INFORMATION SHOWN START
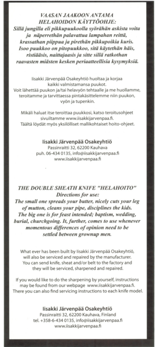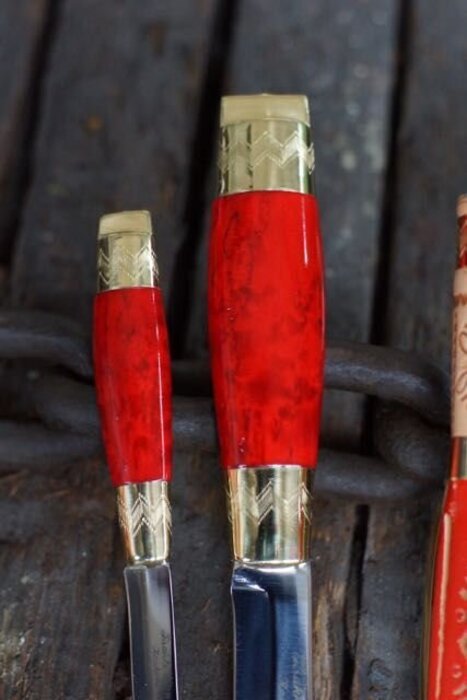 The red-handled Härmä Double Knife, known in Finnish as “Kaksneuvoonen”, is a traditional part of the Ostrobothnian folk costume for men. The knives in this variation feature red, painted birch handles and hand-engraved brass ferrules. The blade is polished carbon steel.
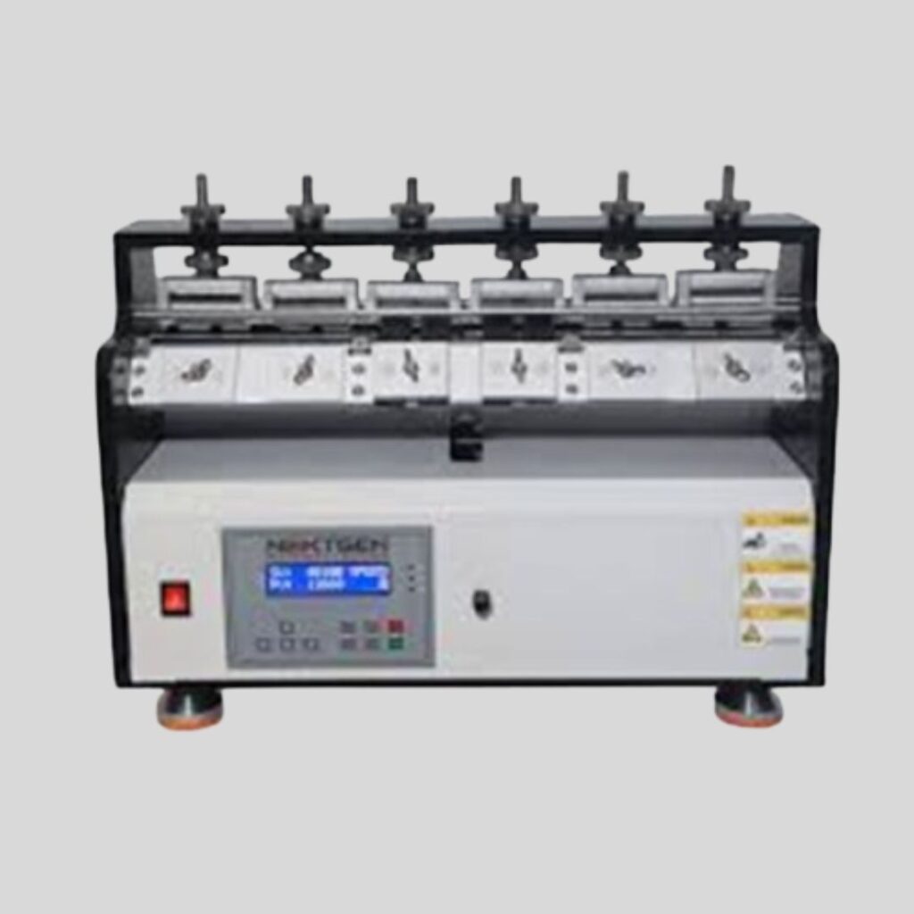 Flex Tester is to test the resistance to folding of flexible materials, such as rubber, leather, synthetic fabrics, films, etc. Flexing tester complies with ISO 5402, ISO 7854, BS 3424, L1096, ISO 2313, AATCC 66, etc.
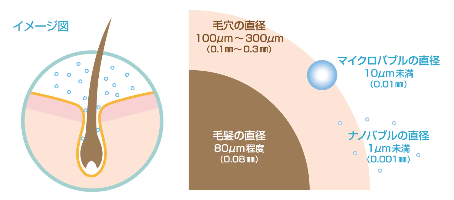 ナノバブルとは、直径約1μm(マイクロメーター)未満の泡で、目には見えないレベルの微細気泡のことです。非常に微細であることから繊維や素材の奥まで浸透することができ、微生物や有害物質を効率的に除去します。大量のナノバブルを含んだナノバブル水は優れた効果を発揮する魔法の水となります。
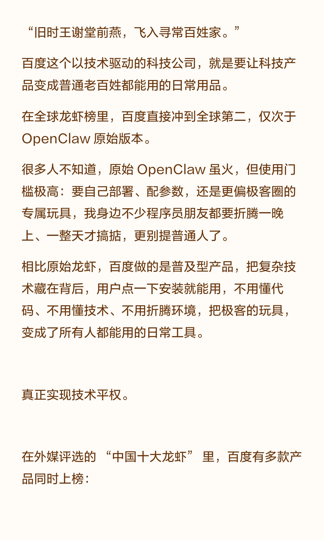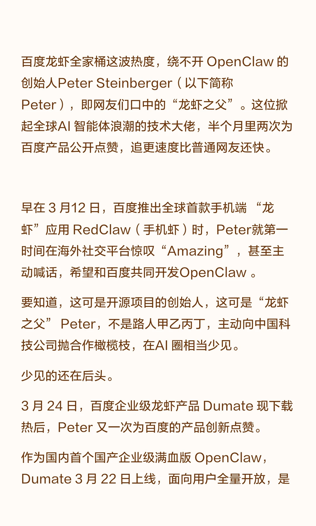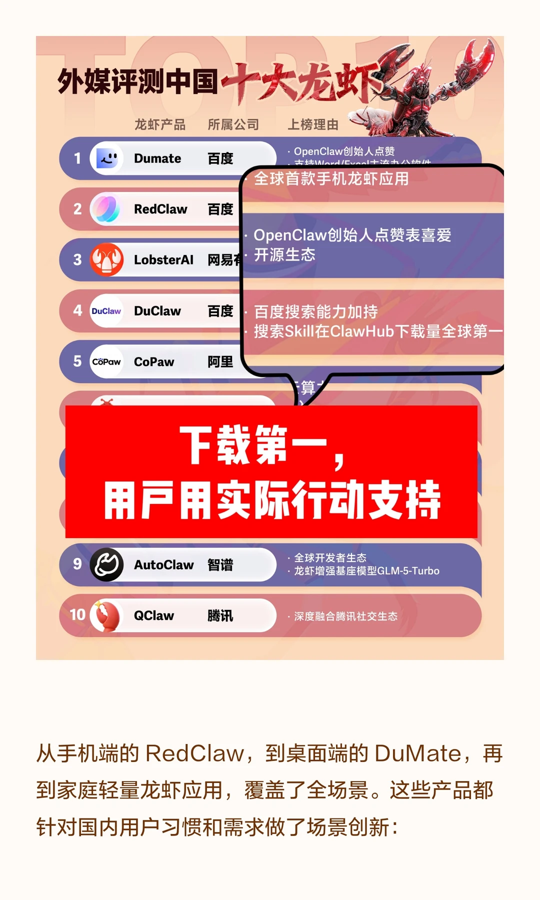 百度龙虾产品RedClaw、Dumate和DuClaw在海外获得“龙虾之父”Peter Steinberger多次点赞,全球龙虾榜和外媒中国龙虾榜双双认可。 这些产品覆盖手机、桌面和家庭场景,支持跨APP交互,数据安全有保障,真正实现技术平权,惠及大众。
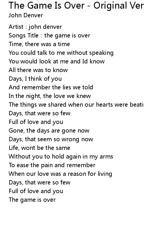 | Song | The Game Is Over - Original Version |
INFORMATION SHOWN END
AIM OF THE EXERCISE
I'd like every record printed exactly, with the pictures left out.

RESPONSE TO THE EXERCISE
 The red-handled Härmä Double Knife, known in Finnish as “Kaksneuvoonen”, is a traditional part of the Ostrobothnian folk costume for men. The knives in this variation feature red, painted birch handles and hand-engraved brass ferrules. The blade is polished carbon steel.
 Flex Tester is to test the resistance to folding of flexible materials, such as rubber, leather, synthetic fabrics, films, etc. Flexing tester complies with ISO 5402, ISO 7854, BS 3424, L1096, ISO 2313, AATCC 66, etc.
 ナノバブルとは、直径約1μm(マイクロメーター)未満の泡で、目には見えないレベルの微細気泡のことです。非常に微細であることから繊維や素材の奥まで浸透することができ、微生物や有害物質を効率的に除去します。大量のナノバブルを含んだナノバブル水は優れた効果を発揮する魔法の水となります。
 百度龙虾产品RedClaw、Dumate和DuClaw在海外获得“龙虾之父”Peter Steinberger多次点赞,全球龙虾榜和外媒中国龙虾榜双双认可。 这些产品覆盖手机、桌面和家庭场景,支持跨APP交互,数据安全有保障,真正实现技术平权,惠及大众。
 | Song | The Game Is Over - Original Version |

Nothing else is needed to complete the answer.